U.S. solar manufacturers’ primary benefits under the Agreement:
(1) Significant monetary contribution (based on imports of all solar modules, including those made with non-Chinese cells) in place of relatively ineffective trade remedies (which exclude solar modules made from non-Chinese cells);
(2) Ability to compete on an even playing field;
(3) Elimination of current and future litigation risks and costs.
The Agreement would also correct the unintended consequence of U.S. polysilicon producers being impacted by the U.S.-China solar cell dispute and provide Chinese cell producers access to high quality U.S. polysilicon to support their continued growth.

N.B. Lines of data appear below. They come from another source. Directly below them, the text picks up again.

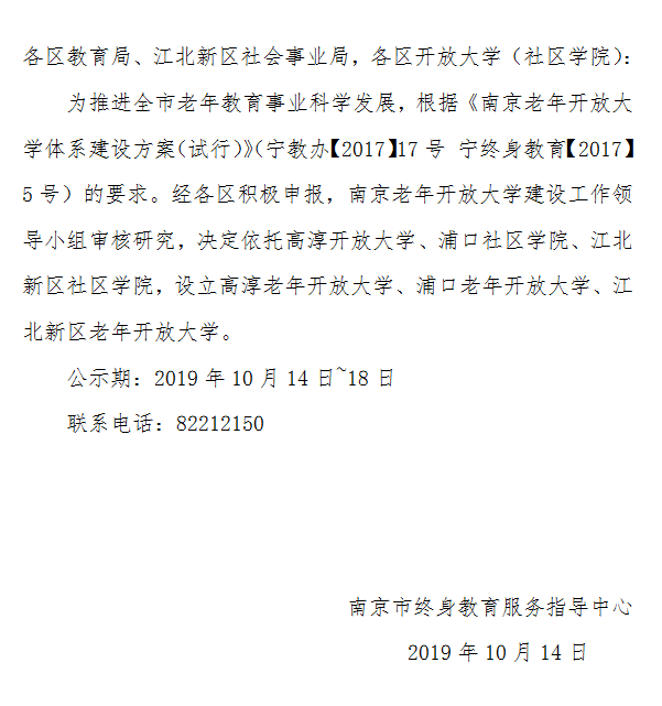 下一篇: 关于2019年南京市“优秀社区教育工作者”“终身学习...
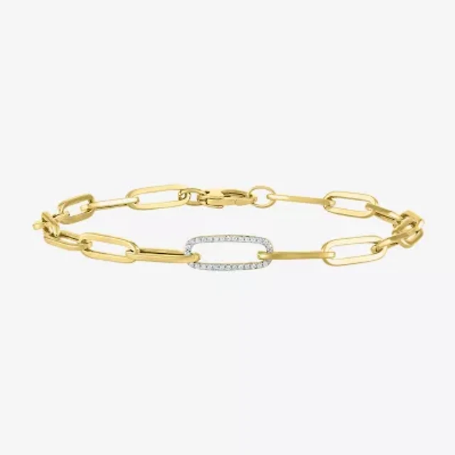Diamond Addiction (G-H / Si2-I1) Womens 10K Gold 8 Inch Hollow Paperclip Chain Bracelet
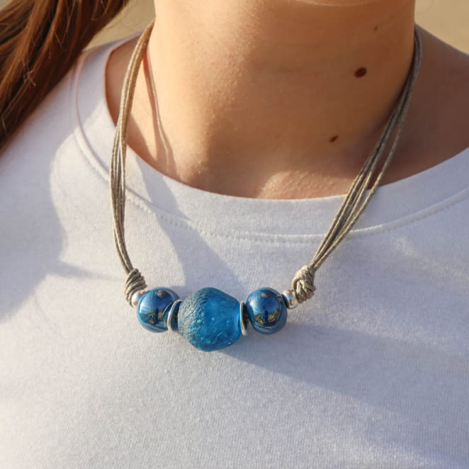 Laissez-vous séduire par l’authenticité du collier en lin Orotava, sublimé par des perles en céramique bleu pétrole et une perle centrale en verre recyclé. voir plus

III. Solar Development Institute
To ensure the long-term success of U.S. solar manufacturing and help grow the U.S. solar market, a portion of the monetary contribution under the Agreement, for example 1 cent U.S. per watt, would be used to establish a self-sustaining Solar Development Institute (Institute). The Institute would focus its resources on expanding the U.S. solar market for all participants and growing the U.S. solar manufacturing base. The Institute would also serve as the primary vehicle for effecting long-term collaboration between the U.S. and Chinese solar industries, including, for example, joint research and development and collaboration on environment, health, and safety and codes and standards initiatives.